• [Data supplied]:
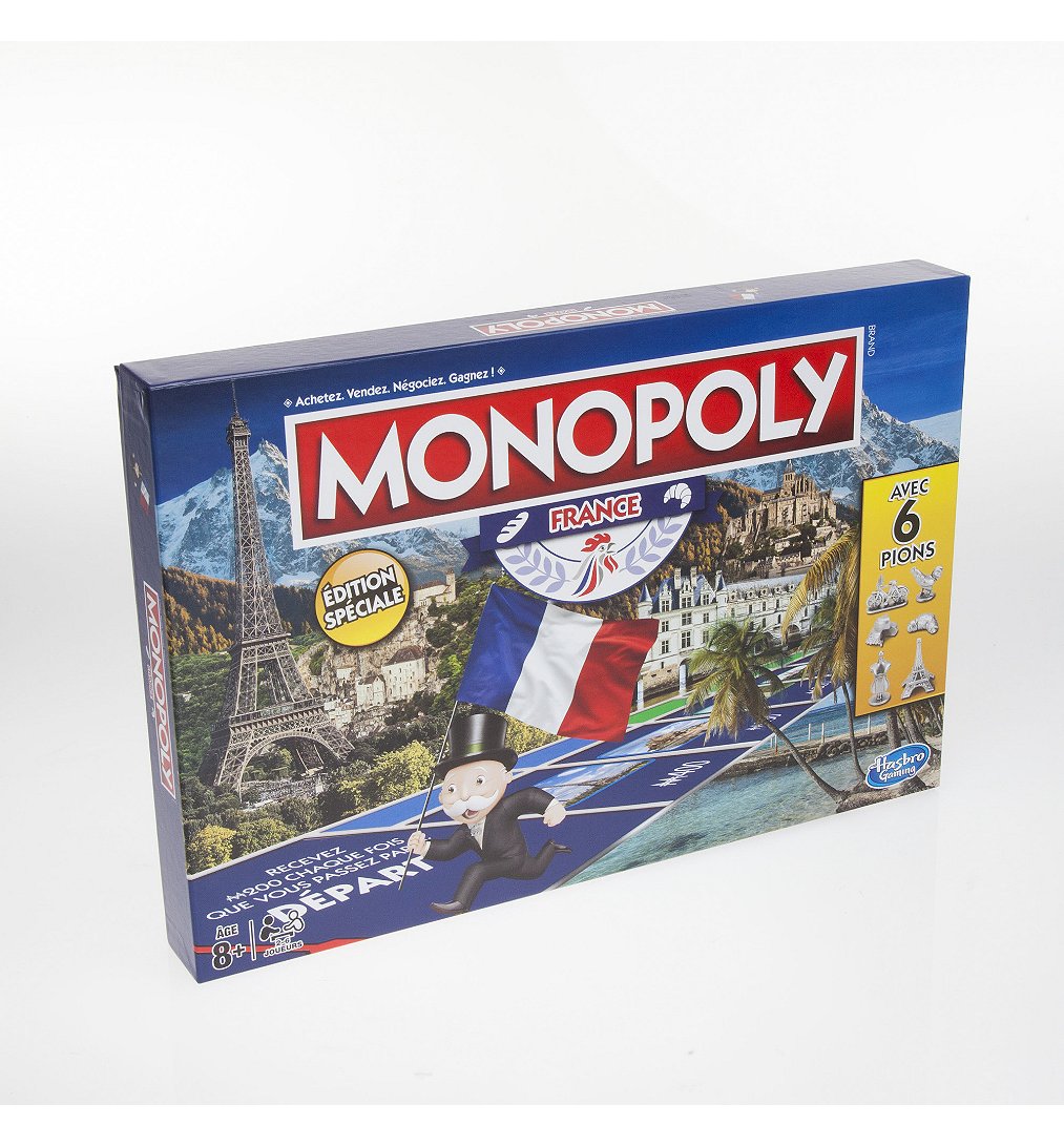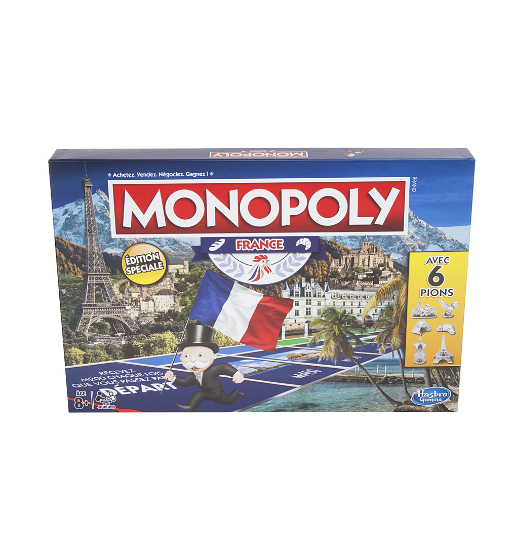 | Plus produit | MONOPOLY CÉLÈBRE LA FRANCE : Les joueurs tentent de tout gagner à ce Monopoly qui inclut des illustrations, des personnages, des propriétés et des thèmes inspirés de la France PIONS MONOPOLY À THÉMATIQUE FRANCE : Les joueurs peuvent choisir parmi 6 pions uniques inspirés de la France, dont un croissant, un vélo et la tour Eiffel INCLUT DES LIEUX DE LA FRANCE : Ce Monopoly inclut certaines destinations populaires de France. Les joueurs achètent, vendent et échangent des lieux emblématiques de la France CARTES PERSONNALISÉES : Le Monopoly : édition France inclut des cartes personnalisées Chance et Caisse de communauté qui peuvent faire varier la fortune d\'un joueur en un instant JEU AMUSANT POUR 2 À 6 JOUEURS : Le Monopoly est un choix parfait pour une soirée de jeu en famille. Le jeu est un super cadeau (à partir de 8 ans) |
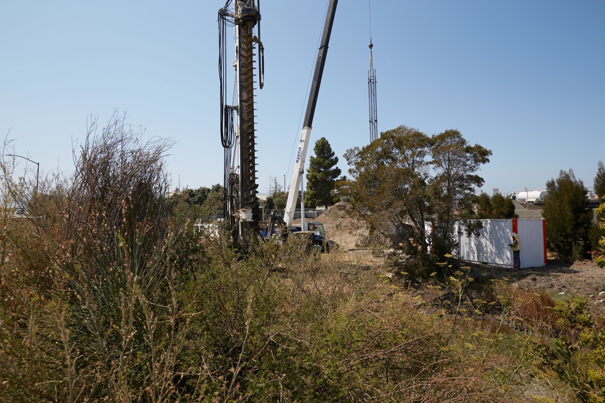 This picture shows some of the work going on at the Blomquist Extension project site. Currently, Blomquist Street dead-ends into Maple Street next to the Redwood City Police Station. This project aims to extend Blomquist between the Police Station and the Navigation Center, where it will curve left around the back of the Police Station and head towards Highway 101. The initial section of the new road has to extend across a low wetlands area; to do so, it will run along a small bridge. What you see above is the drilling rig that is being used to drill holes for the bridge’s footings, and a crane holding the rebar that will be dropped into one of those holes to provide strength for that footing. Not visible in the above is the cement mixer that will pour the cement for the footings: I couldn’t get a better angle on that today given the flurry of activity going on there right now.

...

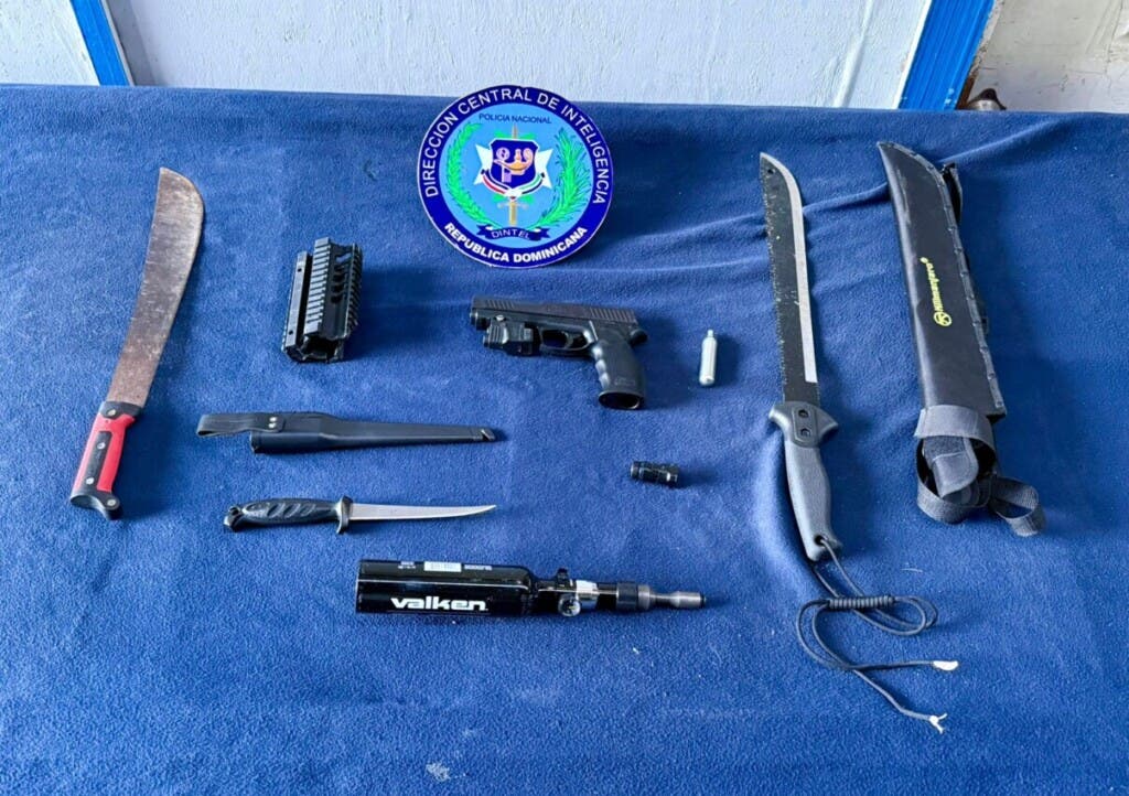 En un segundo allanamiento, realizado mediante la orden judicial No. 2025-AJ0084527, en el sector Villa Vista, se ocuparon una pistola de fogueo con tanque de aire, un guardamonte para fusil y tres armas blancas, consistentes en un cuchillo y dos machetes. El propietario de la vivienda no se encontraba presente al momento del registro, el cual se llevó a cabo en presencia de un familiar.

--

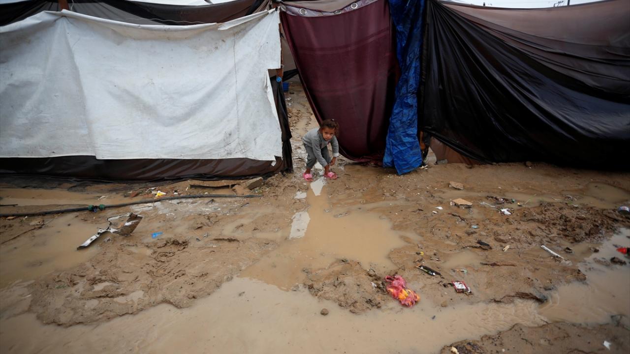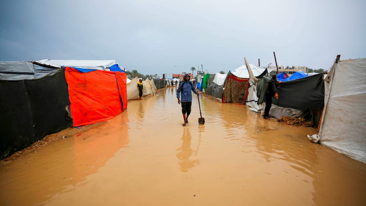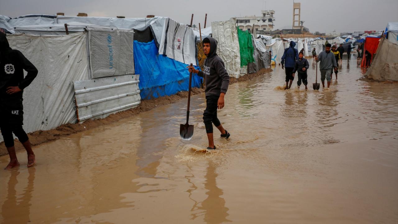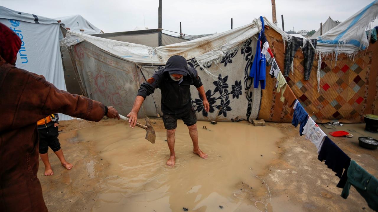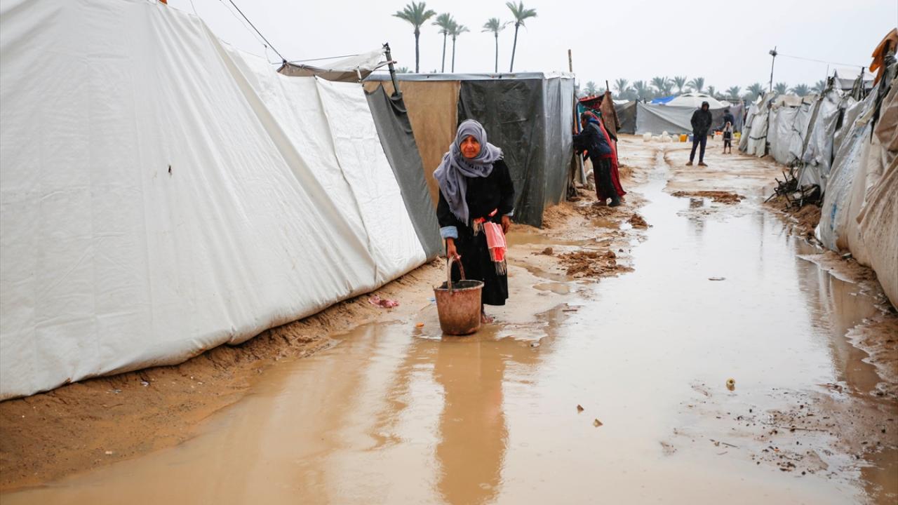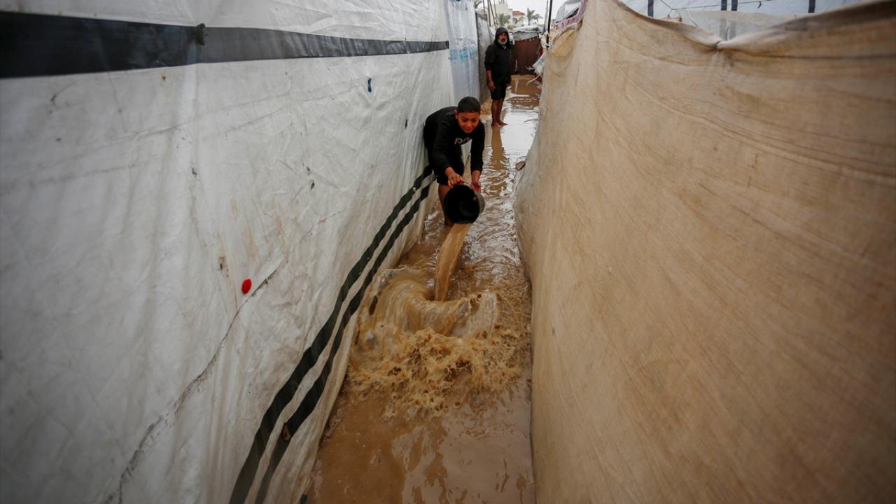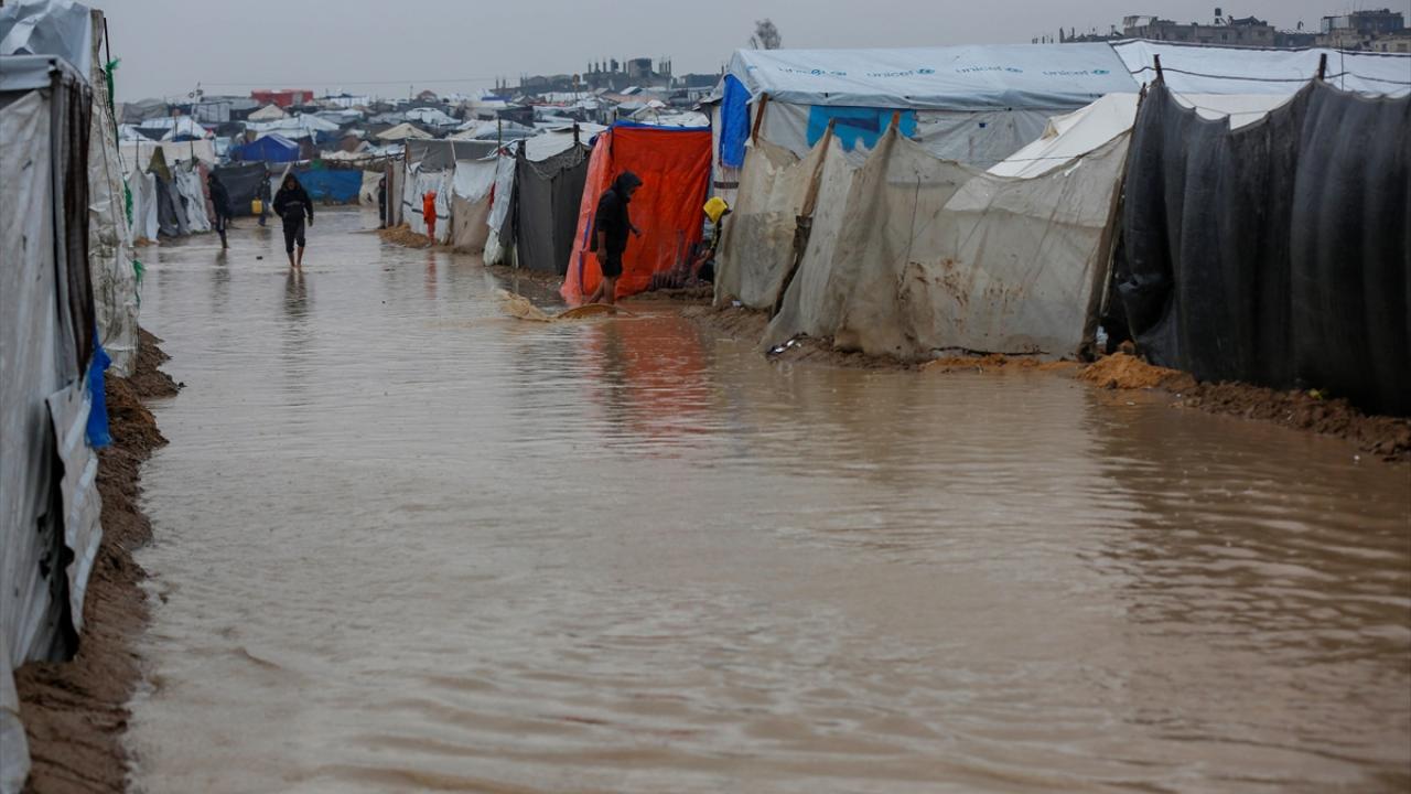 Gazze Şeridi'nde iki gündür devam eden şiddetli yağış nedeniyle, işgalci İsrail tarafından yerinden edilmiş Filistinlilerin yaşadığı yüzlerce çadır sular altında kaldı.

• [What is needed]: With the pictures omitted, restate word for word the lines above from the line that has "de 8 ans) |" up to and including the line that has "This picture shows", and no other lines.

• [Answer to the exercise]:
 | Plus produit | MONOPOLY CÉLÈBRE LA FRANCE : Les joueurs tentent de tout gagner à ce Monopoly qui inclut des illustrations, des personnages, des propriétés et des thèmes inspirés de la France PIONS MONOPOLY À THÉMATIQUE FRANCE : Les joueurs peuvent choisir parmi 6 pions uniques inspirés de la France, dont un croissant, un vélo et la tour Eiffel INCLUT DES LIEUX DE LA FRANCE : Ce Monopoly inclut certaines destinations populaires de France. Les joueurs achètent, vendent et échangent des lieux emblématiques de la France CARTES PERSONNALISÉES : Le Monopoly : édition France inclut des cartes personnalisées Chance et Caisse de communauté qui peuvent faire varier la fortune d\'un joueur en un instant JEU AMUSANT POUR 2 À 6 JOUEURS : Le Monopoly est un choix parfait pour une soirée de jeu en famille. Le jeu est un super cadeau (à partir de 8 ans) |
 This picture shows some of the work going on at the Blomquist Extension project site. Currently, Blomquist Street dead-ends into Maple Street next to the Redwood City Police Station. This project aims to extend Blomquist between the Police Station and the Navigation Center, where it will curve left around the back of the Police Station and head towards Highway 101. The initial section of the new road has to extend across a low wetlands area; to do so, it will run along a small bridge. What you see above is the drilling rig that is being used to drill holes for the bridge’s footings, and a crane holding the rebar that will be dropped into one of those holes to provide strength for that footing. Not visible in the above is the cement mixer that will pour the cement for the footings: I couldn’t get a better angle on that today given the flurry of activity going on there right now.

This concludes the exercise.